- **Exercise**
Nothing but the lines from the start of the entries through the line holding "Glūdas pirmskolas izglītības" is to be repeated, exactly and with pictures excluded.

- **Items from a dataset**
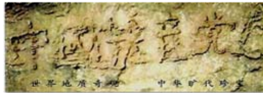
■ 贵州平塘县掌布乡的“藏字石”。

其牺牲品，只有声明退出中共的组织才能废除毒誓，才能在大劫难中保住性命，世界各国有很多古老而著名的预言都提到了当今正在发生的事;2002年6月，贵州平塘县掌布乡发现了2亿7千万年前的藏字石，巨石断面上天然形成六个大字：中国共产党亡(下图)。所以，善待法轮大法，认清中共，退出中共党、团、队，会给自己开创美好的未来。在真相大显之前，每个人还有机会选择自己的未来。
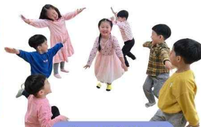
애벌레의 변신 신체표현
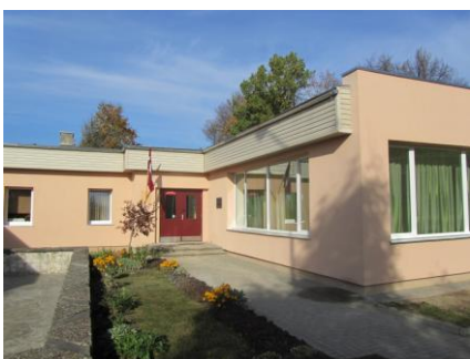
Glūdas pirmskolas izglītības iestāde „Taurenītis”

Galvenās aktivitātes: Oglekļa dioksīda emisiju samazinājums Staļģenes vidusskolas, Elejas vidusskolas, Glūdas pirmskolas iestādes „Taurenītis”, Sesavas pamatskolas, Kalnciema pirmskolas izglītības iestādes „Mārīte”, Kalnciema pagasta vidusskolas, Valgundes Bērnu un jauniešu centra ēkās, veicot ēku rekonstrukciju (ēku ārsienu, jumtu, grīdu, bēniņu siltināšana, logu, ārdurvju un jumta seguma nomaiņa u.c.)
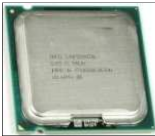
Microprocesador Intel® Core2Quad

+ Core2Duo: en 2008 Intel® abandona la nomenclatura de Pentium y lanza una nueva gama de productos denominados Core2Duo, lo que significa doble núcleo. Esto significa que en su interior, este contiene 2 procesadores trabajando de manera simultánea y repartiéndose las actividades, trabajando de manera mas eficiente. Las velocidades alcanzadas son 2.0 GHz - 3.0 GHz, con un bus de 800 - 1066 - 1333 MHz, cache de 2 MB - 3 MB - 4 MB - 6 MB y utilizado por el Socket 775.
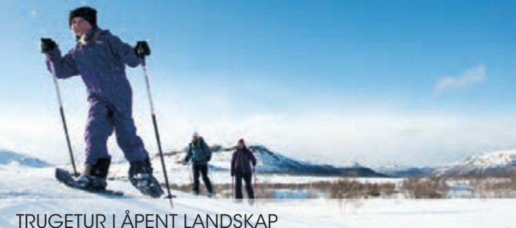
TRUGETUR I ÅPENT LANDSKAP
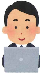
千葉リハセンター
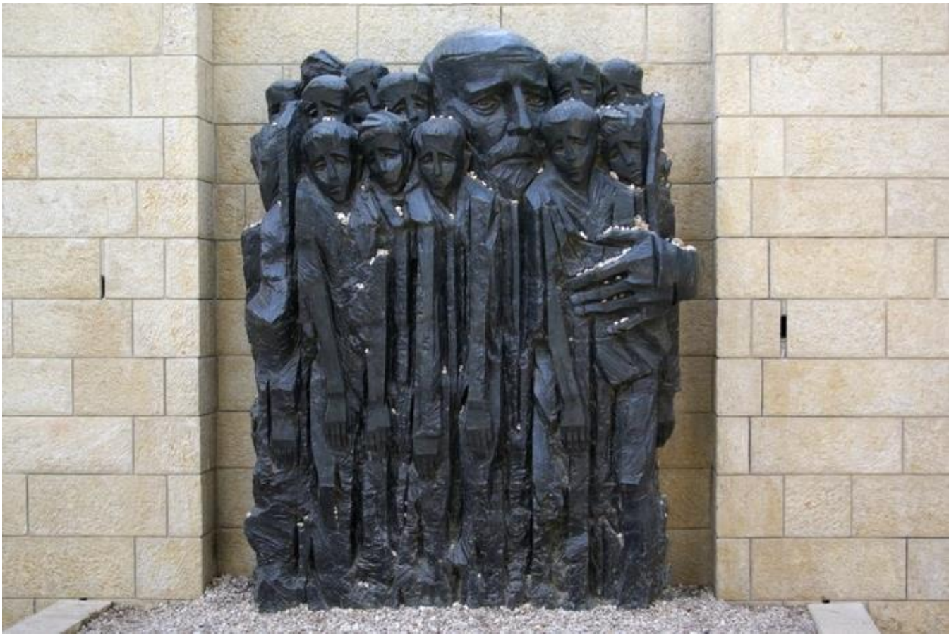
Памятник «Януш Корчак с детьми» в Иерусалиме

- **Answer for this exercise**
■ 贵州平塘县掌布乡的“藏字石”。

其牺牲品，只有声明退出中共的组织才能废除毒誓，才能在大劫难中保住性命，世界各国有很多古老而著名的预言都提到了当今正在发生的事;2002年6月，贵州平塘县掌布乡发现了2亿7千万年前的藏字石，巨石断面上天然形成六个大字：中国共产党亡(下图)。所以，善待法轮大法，认清中共，退出中共党、团、队，会给自己开创美好的未来。在真相大显之前，每个人还有机会选择自己的未来。
애벌레의 변신 신체표현
Glūdas pirmskolas izglītības iestāde „Taurenītis”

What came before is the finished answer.